Hoping that the stretching limbers up my legs and evens out the muscles a bit. I can't imaging being 60+ with tight legs and a spare tire as I would not be able to tie my own shoes!

Are you 'flexible'? Are you getting 'tight"? Do you stretch?


----------



## chazpat (Sep 23, 2006)

Like probably most people, I plan to, gonna start tomorrow! Really, this time I mean it.

I found an article on stretches for cyclist on bicycling.com and left it open for days and finally closed it yesterday without ever reading it. I'm finishing my basement and hoping a dedicated space may help me actually do it, along with spinning on the trainer.

I run a few days a week so I think that helps; I never stretch before or after, I'll feel pretty stiff starting out if I haven't run in a few days but the running stretches me out. My back was bothering me a few weeks ago and I was having some difficulties getting my socks on.

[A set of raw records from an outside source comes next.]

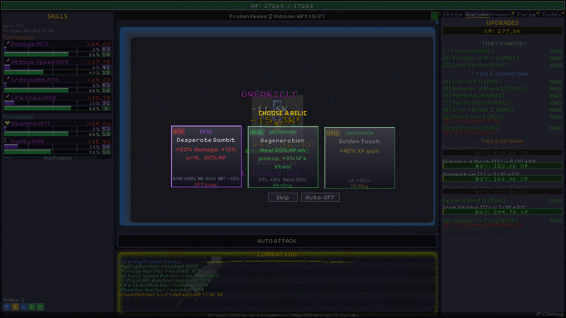 Spend XP on permanent upgrades across 3 tiers. Unlock prerequisite chains, boost HP, XP gain, click power, and more. Higher tiers unlock as you push deeper into the dungeon.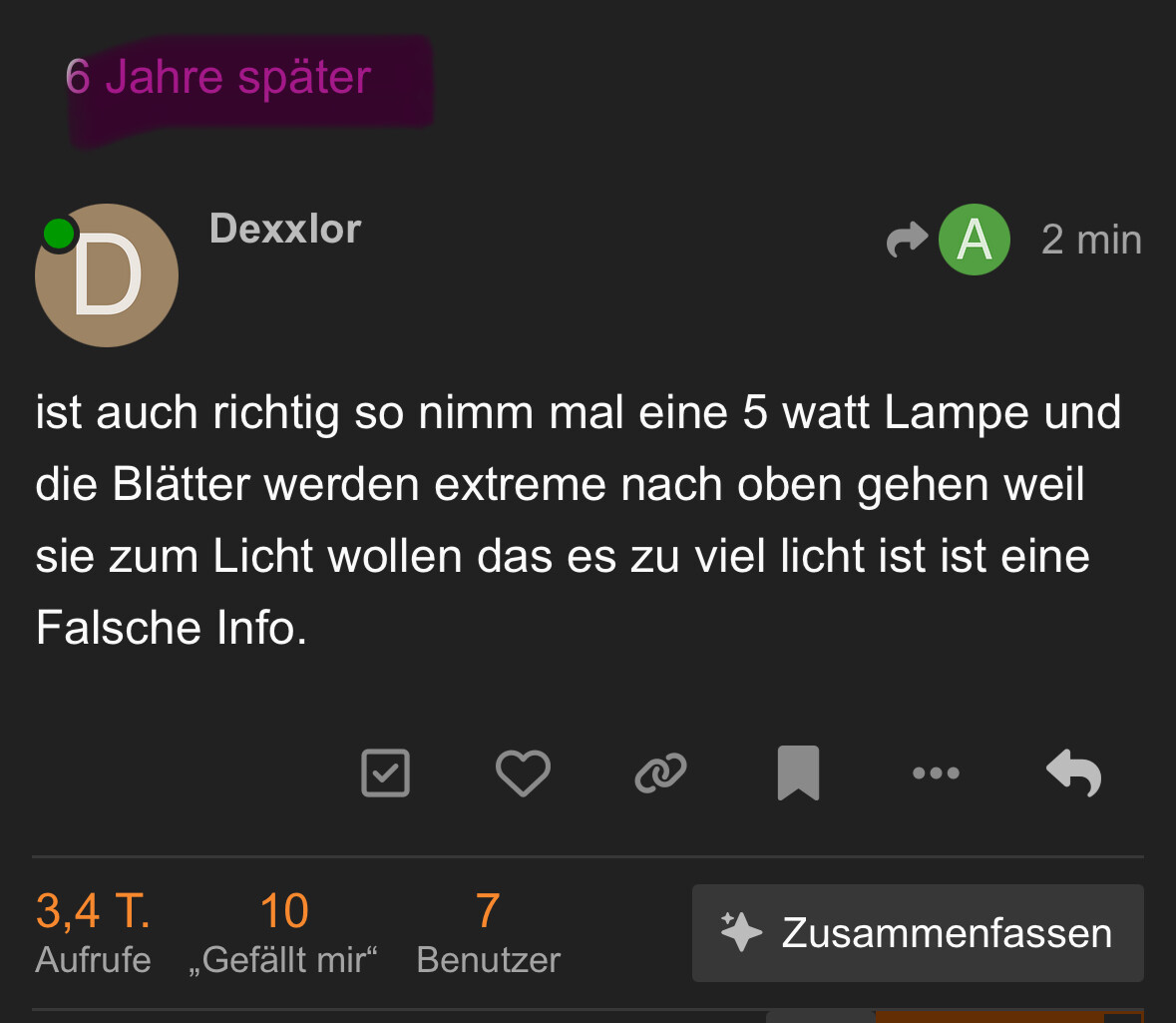 Meine Mädels stehen unter der purple alien bei 30cm Abstand, bei 2 Mädels ziehen sich die oberen Blätter zum, v. zusammen, hab keine idee woran das liegt:thinking: mann mit den leds ist alles komplizierter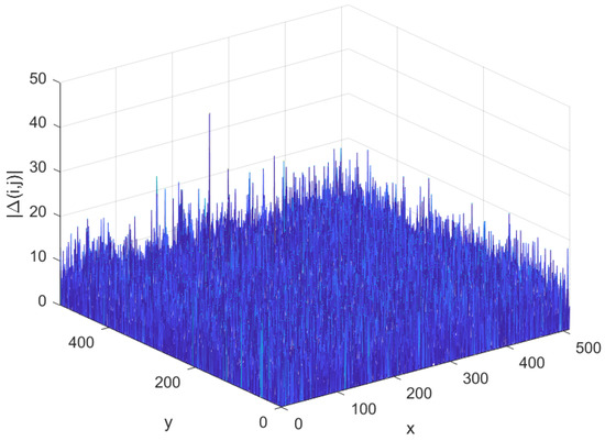 One example of has been determined for the test image Fr01 compressed by AGU with QS = 20. The fluctuations (distortions) can be hardly noticed in the compressed image since PSNR is about the distortion visibility threshold (slightly smaller than 35 dB). Therefore, the 3D plot of the absolute values of differences is presented in Figure 6 instead of the difference image for better visualization. The visualized distortions are absolutely not seen for QS = 5 and QS = 10. Because of this, the difference images are not shown here.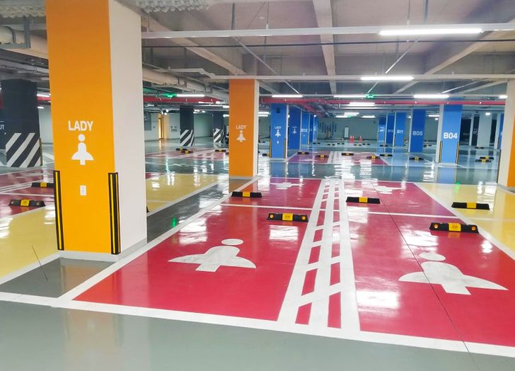 Parkolóhelyek, kizárólag nőknek: ezek frekventált helyen vannak, nagyobbak, és jobban be vannak kamerázva, hogy maximális legyen a hölgyek biztonsága.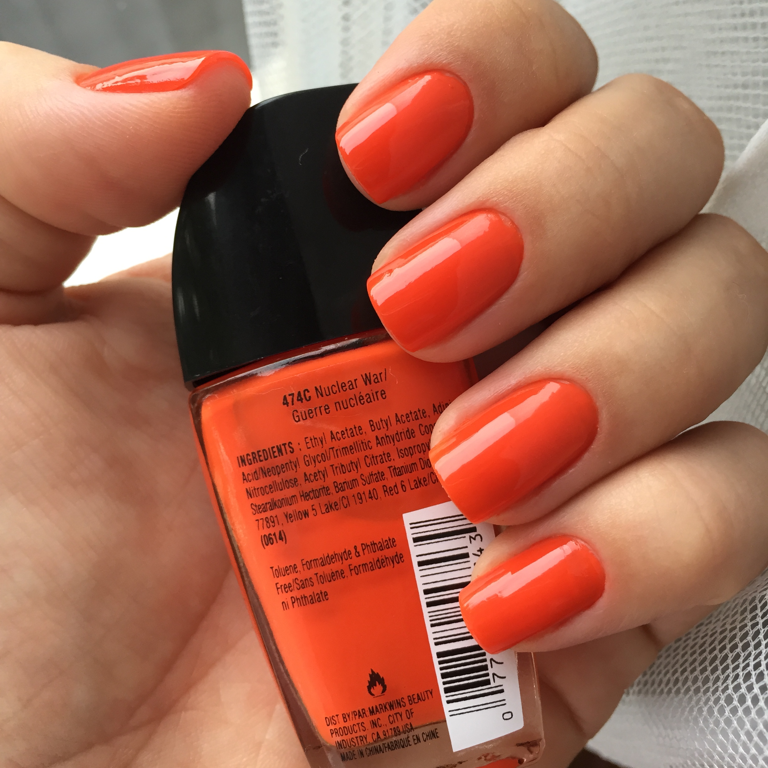 Hoje vim mostrar meu esmalte escolhido para essa semana. Um laranja super lindo e vibrante da Wet & Wild na cor Nuclear War. Apesar de estar apaixonada por cores pasteis para a primavera e verão, eu não abro mão das cores vivas e vibrantes. Sempre quis um esmalte completamente laranja, mas acabava comprando outros tons de coral e vermelho. Então quando achei esse não pensei duas vezes. Eu adoro os produtos da Wet & Wild, então sou suspeita em falar, mas esse esmalte custa apenas .99 centavos e é super pigmentado e concentrado. Passei duas camadas e foi suficiente para ficar com a cobertura desejada. Vejam que lindo: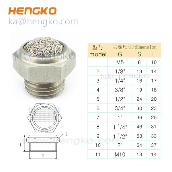 恒歌不銹鋼燒結降噪消音器是固定在標準管件上的多孔燒結濾芯,這些小巧且便宜的消聲器易于安裝和維護,特別適合空間有限的地方,它們用于將空氣和消聲器噪聲從氣閥、氣缸和空氣工具的排氣口擴散到OSHA噪聲要求范圍內(nèi)的可接受水平。不銹鋼燒結降噪消音器結構穩(wěn)定,具有較高的抗疲勞強度,抗沖擊應力和耐高壓的特點,過濾精度可選范圍在0.2-120微米之間,氣動消聲器易于安裝和維護,特別適用于空間有限的場合,它主要用于降低壓縮氣體時的輸出壓力,從而降低氣體排出時的噪音。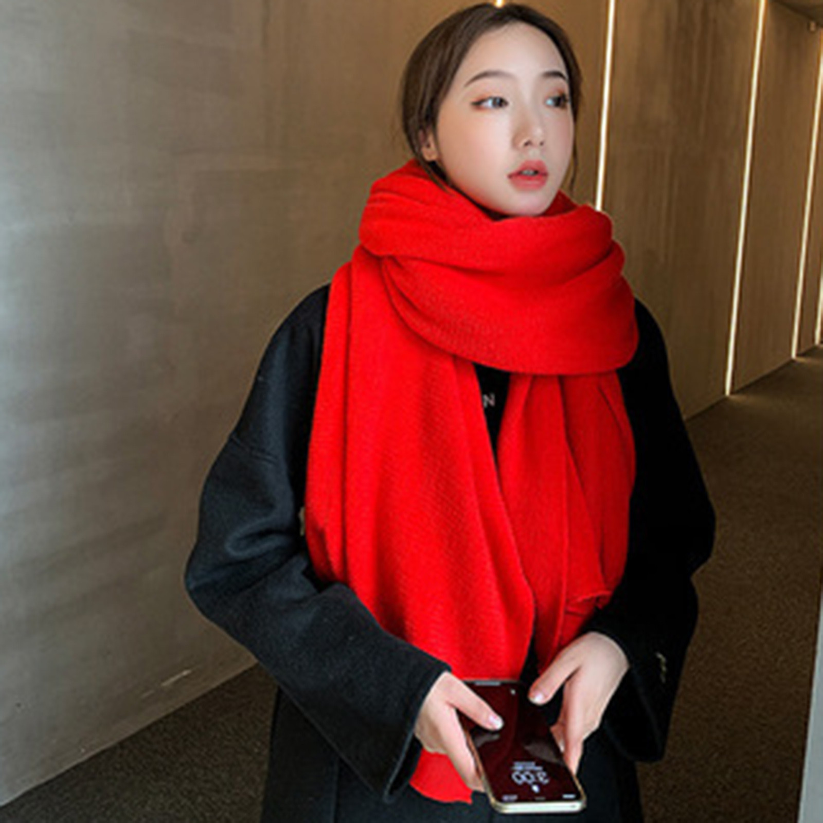 Классическая женская обувь Одноцветный шарф ретро женский многоцелевой шарф вязаный шарф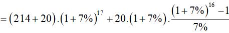 A = (214+20).(1+7%)17 + 20.(1+7%).(1+(1+7%)+(1+7%)2+...+(1+7%)15 )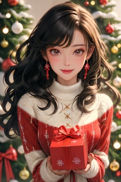 1girl,solo,jewelry,gift,earrings,long hair,holding,black hair,smile,bow,looking at viewer,dress,box,blurry background,red bow,hair bow,gift box,blush,blurry,sweater,christmas,long sleeves,holding gift,brown eyes,ribbon,white dress,white sweater,nail polish,parted lips,bangs,ring,christmas tree,red nails,holding box,fingernails,hair ribbon,turtleneck,christmas ornaments,red lips,red ribbon,depth of field,floral print,turtleneck sweater,wavy hair,cowboy shot,lips,<lora:shengdan:0.6>,normal fingers,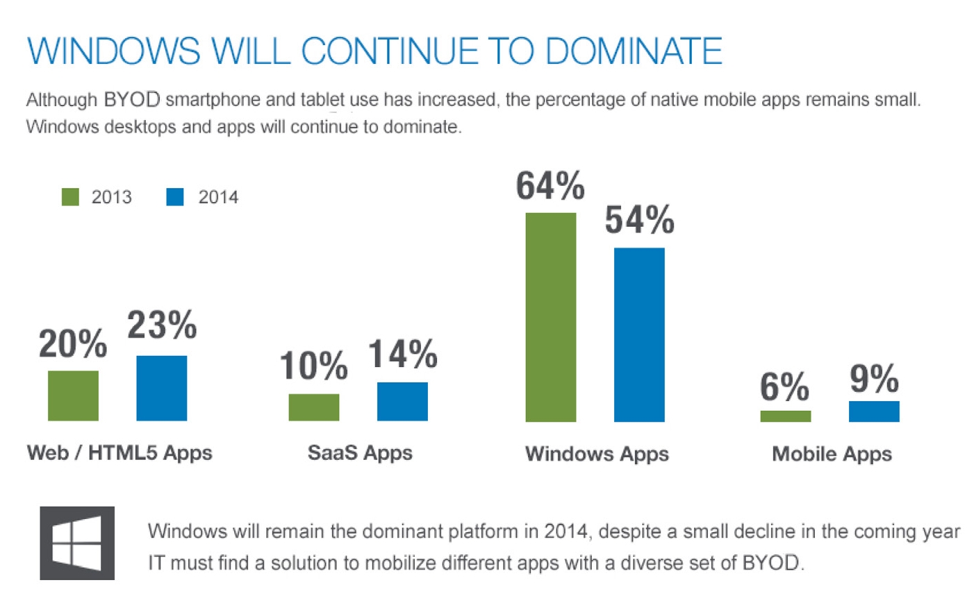 Míg a vállalatok olykor visszatérnek a hagyományos telefonok és BlackBerry-készülékek beszerzéséhez, más cégek előszeretettel vásárolnak táblagépeket vegyes célú használatra, illetve asztali gépek helyettesítésére. Például a kisméretű asztali gépek és az elérhető árú, kulcsrakész Androidos készülékek vegyes használata serkentőleg hat a saját mobilszolgáltatások, pl. az intézmény területéről nem kivihető orvosi készülékek fejlesztésére.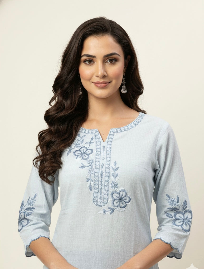 Pure Cotton Dupatta Set With Embroidery Work CS071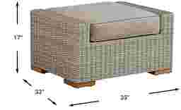 The perfect addition to its matching set, the Patmos ottoman enhances your outdoor comfort with padded cushioning and a breezy relaxed look. Crafted from woven wicker in a gray finish, it's not only a great place to stretch out your legs, but it can also serve as an extra seat for an unexpected guest. Inspired by French Provencal style, the durable mushroom colored Sunbrella cushion is easy to clean and resistant to UV rays, mold and mildew. 100% Sunbrella fabric. To clean Sunbrella fabric cushions remove dirt and spray on cleaning solution (water and mild soap), then use a soft bristle brush or sponge. Allow cleaning solution to soak into fabric and rinse thoroughly until soap residue is removed. Air dry. Do not dry clean.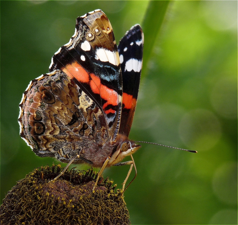 Opis: Rusałka admirał ( Vanessa atalanta) - przedstawiciel rodziny rusałkowatych o rozpiętości skrzydeł od 50 do 60mm. Dorosła forma motyla występuje przez cały rok. Motyla można najczęściej zaobserwować w sadach na opadniętych owocach. Gatunek zimuje w stadium motyla, ale w naszym zimnym klimacie rzadko przeżywa zimę. Co roku przylatują do nas nowe motyle z południa Europy i Północnej Afryki.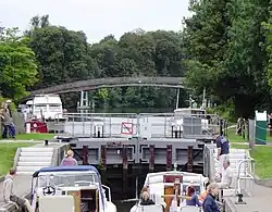 The pound lock was built in 1773, the sixth downstream of the eight constructed after the passing of the 1770 navigation act. Like the others it had to be rebuilt in 1782 and though estimates were obtained for stone and timber, timber was chosen because it was cheaper.

Found this while looking for that stretching article, maybe it will help you:

5 Stretches That Will Make Your Knee Pain Go Away | Bicycling


----------



## MtbRN (Jun 8, 2006)

Try doing Yoga once or twice a week... that will help you keep your flexibility.


----------



## Crankout (Jun 16, 2010)

I'm very flexible; maybe blessed with it, although I do spend a good 20-30 minutes doing various stretching exercises when I hit they gym on non-riding days. 

I find it important to be flexible for many reasons, one of them being cycling.


----------



## Bail_Monkey (May 8, 2007)

chazpat said:


> Like probably most people, I plan to, gonna start tomorrow! Really, this time I mean it.


7 days in a week and we are generally up for ~17 hours a day. Within the 17hrs, you only need 15 minutes!

As far as the article, I'm doing very similar stretches. That one leg against the wall reminds me of a stretch I tried a few weeks ago where you place your butt against the wall and let your legs fall to the outside with gravity. Talk about a killer one, you will really know how tight your hamstrings and inner muscles are.


----------



## Bail_Monkey (May 8, 2007)

MtbRN said:


> Try doing Yoga once or twice a week... that will help you keep your flexibility.


We have a gym at work and they have Yoga classes. I tried an intermediate class once as a beginner and it was pretty hard. I've never sweat so much in a non cardio activity.

I do a few basic Yoga poses and feel that it does help. Downward dog, Cobra, child's pose.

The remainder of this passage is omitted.